Tom chegou a casa muito mal disposto, e a primeira coisa que a tia disse mostrou-lhe claramente que os seus desgostos ainda não tinham acabado.
- Tom, a minha vontade era esfolar-te vivo.
- Que fiz eu, tia?
- O que fizeste já foi bastante. Vou daqui a casa de Sereny Harper como uma velha tonta, no intuito de a fazer acreditar em toda aquela história do teu sonho e, mal lá chego, conta-me ela que tinha sabido por Joe que estiveste aqui e ouviste a conversa daquela noite. Tom, não sei o que pode acontecer a um rapaz que procede assim. Entristece-me tanto pensar que me deixaste ir ter com Sereny Harper e fazer uma figura tão ridícula, sem me dizeres uma palavra!
Este era um novo aspecto da questão. A sua esperteza da manhã parecera a Tom uma boa graça, muito engenhosa, mas agora achava-a mesquinha. Curvou a cabeça e não se lembrou de nada para responder. Só passados momentos disse:
- Tia, estou muito arrependido do que fiz, mas eu não pensei.
- Nunca pensas, filho. Nunca pensas nada senão no teu egoísmo.
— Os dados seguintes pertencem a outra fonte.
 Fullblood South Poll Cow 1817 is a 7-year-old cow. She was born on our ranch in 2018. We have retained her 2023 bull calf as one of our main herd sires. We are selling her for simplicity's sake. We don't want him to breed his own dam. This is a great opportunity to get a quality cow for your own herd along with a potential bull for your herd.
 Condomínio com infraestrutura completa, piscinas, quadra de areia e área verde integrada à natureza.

Pudeste pensar em fazer de noite todo o caminho da ilha de Jackson até aqui, para te rires das nossas preocupações, e em me meteres a ridículo com uma mentira acerca do teu sonho. Só não pensaste em ter pena de nós e em nos evitar um desgosto.
- Agora vejo que andei mal, tia, mas não era essa a minha intenção.
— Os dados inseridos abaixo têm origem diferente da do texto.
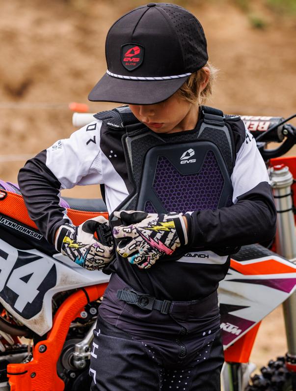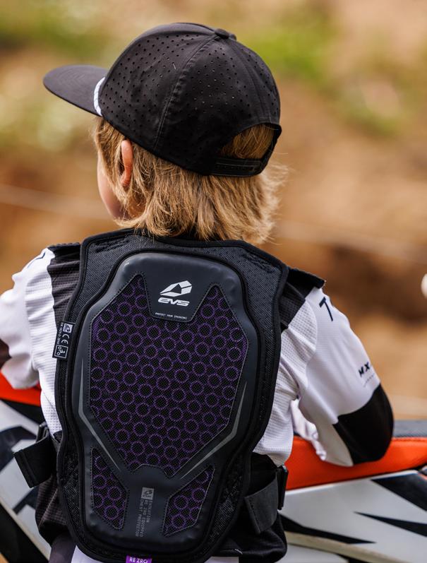 The new EVS Evolution Youth Chest Protector delivers advanced impact protection in a slim, lightweight design made to move with young riders. Built with RE ZRO®—a breathable, flexible, and high-performance impact material—it features CE EN 1621-3 Level 1 chest and CE EN 1621-2 Level 1 back protection. The lowprofile chassis fits close to the body for all-day comfort under a jersey, making it ideal for motocross, off-road, and multi-discipline riding. Big protection. Youth-ready fit.
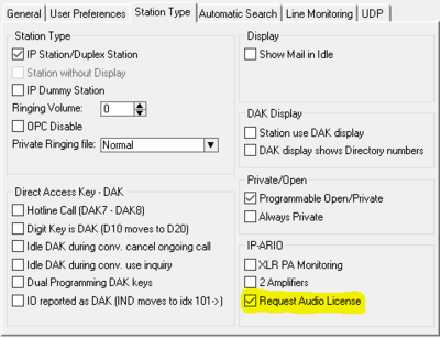 In AlphaPro, Users & Stations window, click the Station Type tab. Under IP-ARIO, enable the Request Audio License flag.
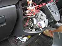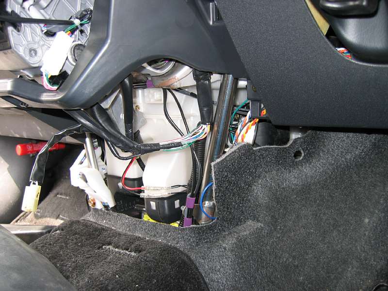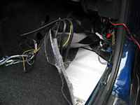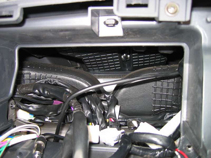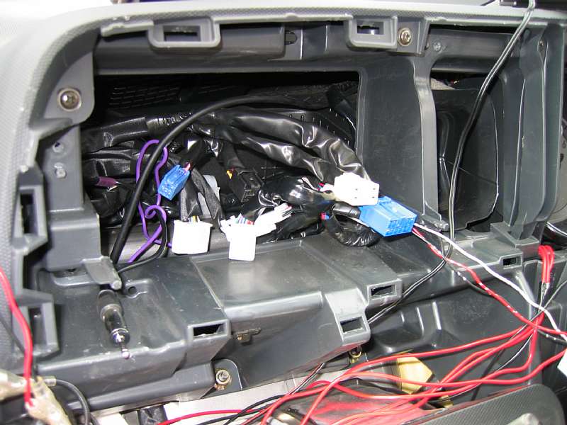 私は運転席下のMOPナビの上に設置することになりましたので、運転席下の床を引っぺがし、その下に配線をすることにしました(なりました^^)。で、ケーブルにもそれなりの長さの制限がありますので、インパネのナビの後ろまで持っていくためにフロントパネルも結構下の方まで外しての作業です。^^

A sério que não era. Além disso, não vim cá naquela noite para me rir de si.
- Então para que vieste?
- Vim para lhe dizer que não estivesse preocupada connosco, porque não nos tínhamos afogado.
- Tom! Tom! Bem queria acreditar que tivesses tido alguma vez um pensamento tão bom como esse, mas sabes perfeitamente que o não tiveste e eu também sei.
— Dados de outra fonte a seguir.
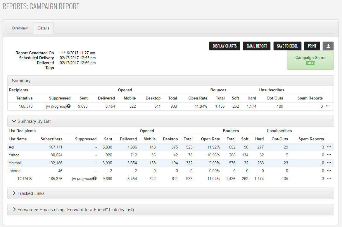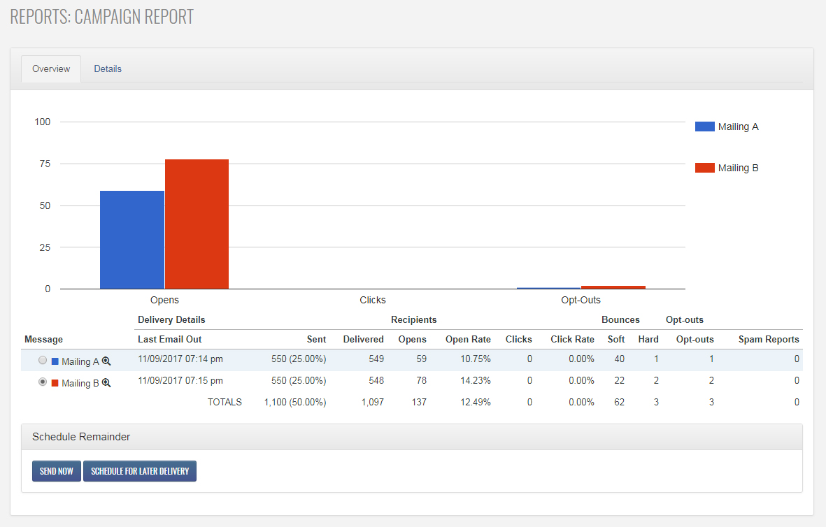 We recommend waiting 24 hours to get an accurate picture of which mailing(s) performed the best. To find out go the Reports tab. Select Individual Mailings, select the message and run the report. The report displays the delivery statistics for each mailing side by side, allowing you to select which mailing you would like to use for the rest of your list. From here, simply select the message you would like to complete the campaign with and click Send Now in the Schedule Remainder section.

- Tive, sim, tia, tive. Que eu nunca mais me mexa daqui se isto não é verdade.
- Não mintas, Tom, não mintas! As mentiras agravam o caso ainda mais.
- Não é mentira, tia, é verdade. Eu queria evitar que a tia se ralasse, foi por isso que vim.
- Daria tudo no mundo para acreditar nisso, que me faria perdoar-
-te uma quantidade de maldades, Tom. Quase me alegraria de que tivesses fugido e procedido tão mal, mas não posso acreditar. Se vieste para mo dizer, porque não mo disseste?
- Porque quando comecei a ouvi-las falar dos ofícios fúnebres me ocorreu a ideia de virmos e de nos escondermos na igreja; ora, se eu falas- se, estragava-se o efeito. Por isso me calei e tornei a guardar a casca na algibeira.